Hierarchical Majoranas in a Programmable Nanowire Network

TL;DR

This paper introduces a hierarchical nanowire network architecture that enables the creation and manipulation of logical Majorana zero modes through gate-controlled hybridization of physical Majoranas, facilitating topological quantum computation.

Contribution

It presents a novel hierarchical design for logical Majoranas in a programmable nanowire network, allowing adiabatic control and braiding without moving physical Majoranas.

Findings

Hierarchical architecture for logical Majoranas using physical Majoranas at Y-junctions.

Gate voltage patterns can generate and manipulate logical Majoranas.

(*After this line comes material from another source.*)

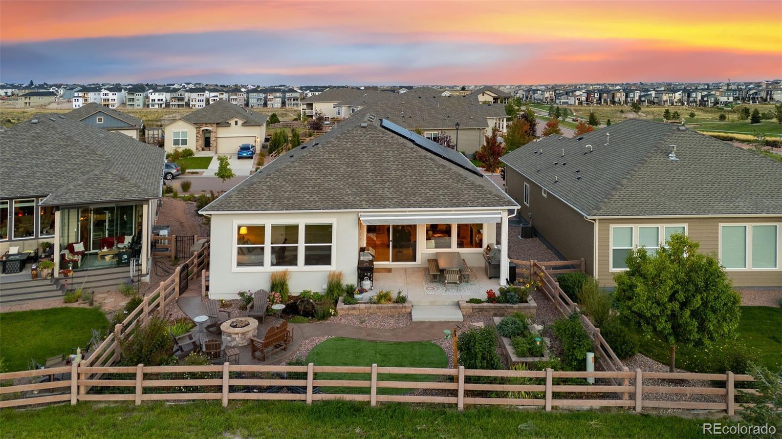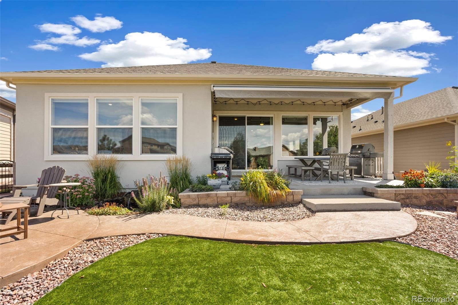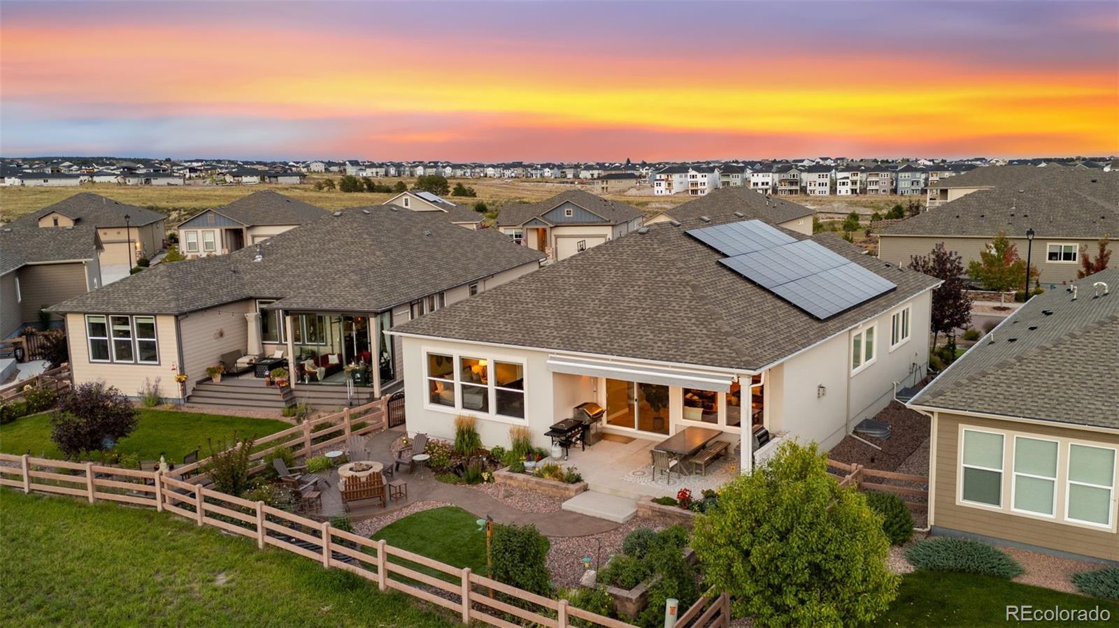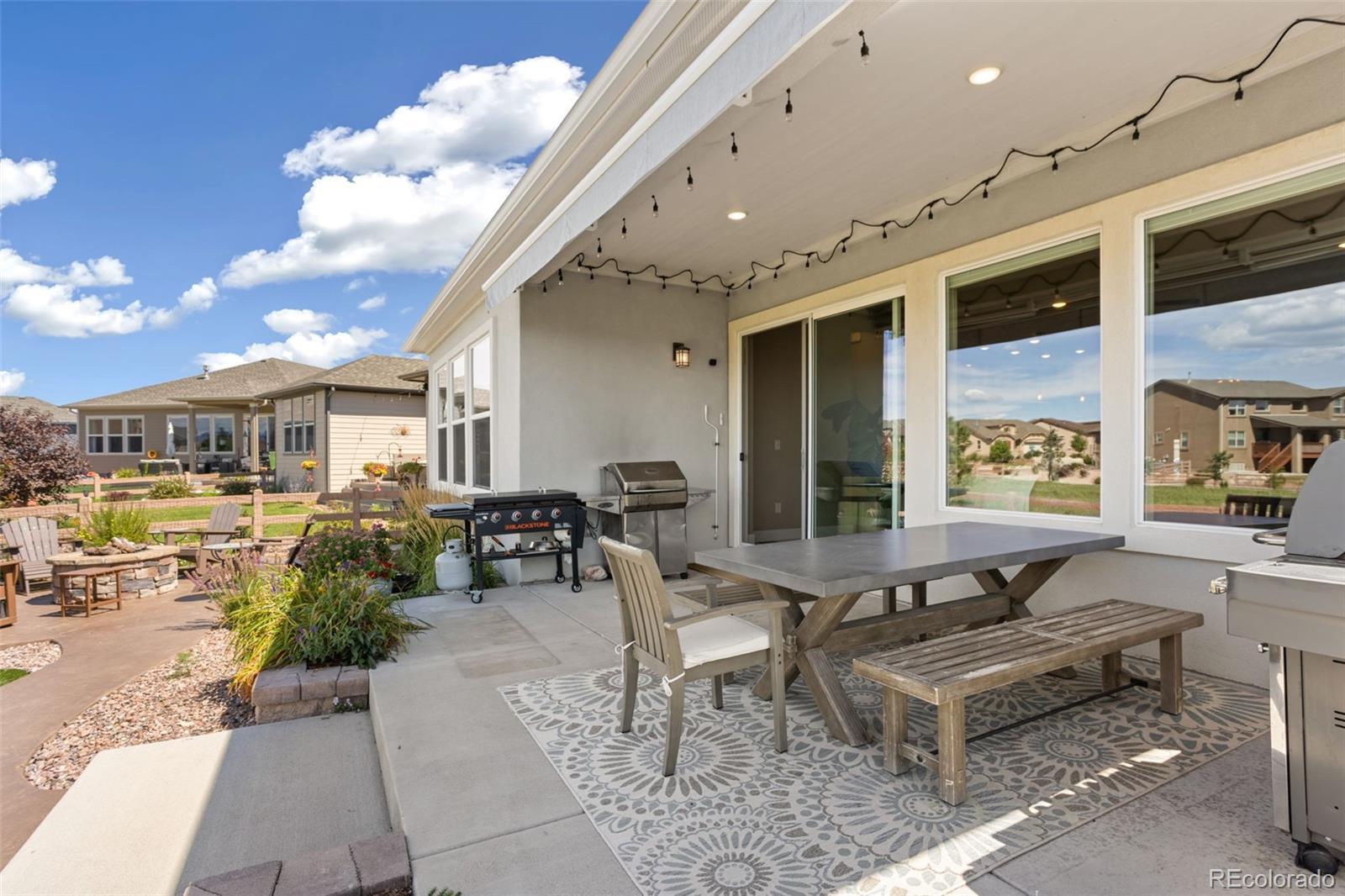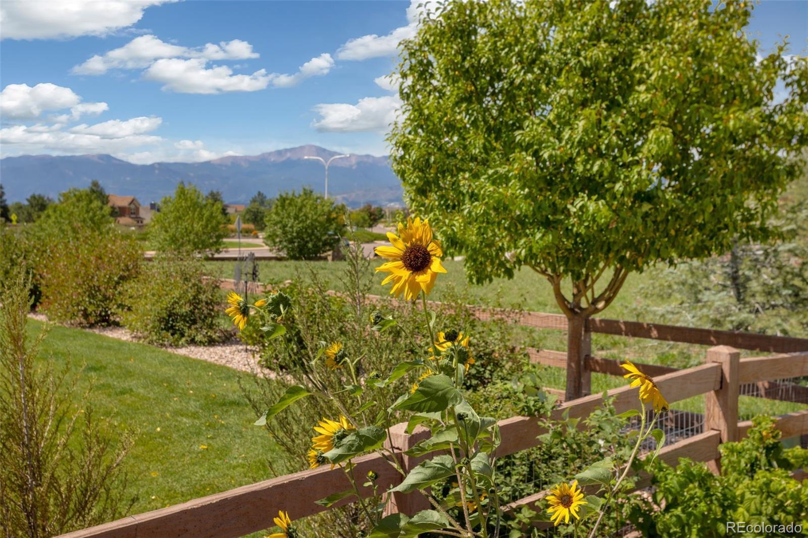 Set on a quiet street in the heart of the Wolf Ranch community, this home blends modern convenience with stunning Colorado scenery. From the back covered patio, enjoy sweeping views of Pikes Peak and the Front Range, framed by a fully landscaped, low-maintenance yard with native plants, a tranquil water feature, and a built-in gas fire pit. With a stucco exterior, paid-off solar panel system, and an east-facing driveway, the property is as practical as it is beautiful. Outdoor living is elevated with a retractable awning and gas grill hookup, while the lot backs to open space for privacy. A tandem three-car garage adds generous storage for vehicles, hobbies, or gear. Inside, main-level living is enhanced by natural light, hickory floors, and updated finishes throughout. The kitchen is both stylish and functional, featuring expanded cabinets, new lighting, and elegant dolomite counters. An open layout creates a warm and inviting atmosphere, while central vac adds convenience. From the great room and the master suite, soak in mountain views that make every day feel distinctly Colorado. The primary retreat includes a massive walk-in closet and a luxurious space with an oversized shower. A cozy gas fireplace anchors the main living space, adding charm and comfort. The basement expands the home’s versatility with soaring 9-foot ceilings, a massive wet bar designed for entertaining, and a large unfinished area that can serve as storage, a workshop, or future finished space. A rough-in is already in place for an additional bathroom, offering even more flexibility. Living in Wolf Ranch means access to highly regarded D20 schools just blocks away, along with seven miles of trails, a clubhouse, pool, dog park, and year-round community events. With nearby hospitals, shopping, dining, and quick access to Highways 21 and 83, this home offers an exceptional balance of natural beauty, modern updates, and community living.

Supports adiabatic braiding operations for topological quantum computing.

Abstract

We propose a hierarchical architecture for building "logical" Majorana zero modes using "physical" Majorana zero modes at the Y-junctions of a hexagonal network of semiconductor nanowires. Each Y-junction contains three "physical" Majoranas, which hybridize when placed in close proximity, yielding a single effective Majorana mode near zero energy. The hybridization of effective Majorana modes on neighboring Y-junctions is controlled by applied gate voltages on the links of the honeycomb network. This gives rise to a tunable tight-binding model of effective Majorana modes. We show that selecting the gate voltages that generate a Kekul\'e vortex pattern in the set of hybridization amplitudes yields an emergent "logical" Majorana zero mode bound to the vortex core. The position of a logical Majorana can be tuned adiabatically, \textit{without} moving any of the "physical" Majoranas or closing any energy gaps, by programming the values of the gate voltages to change as functions of time. A nanowire network supporting multiple such "logical" Majorana zero modes provides a physical platform for performing adiabatic non-Abelian braiding operations in a fully controllable manner.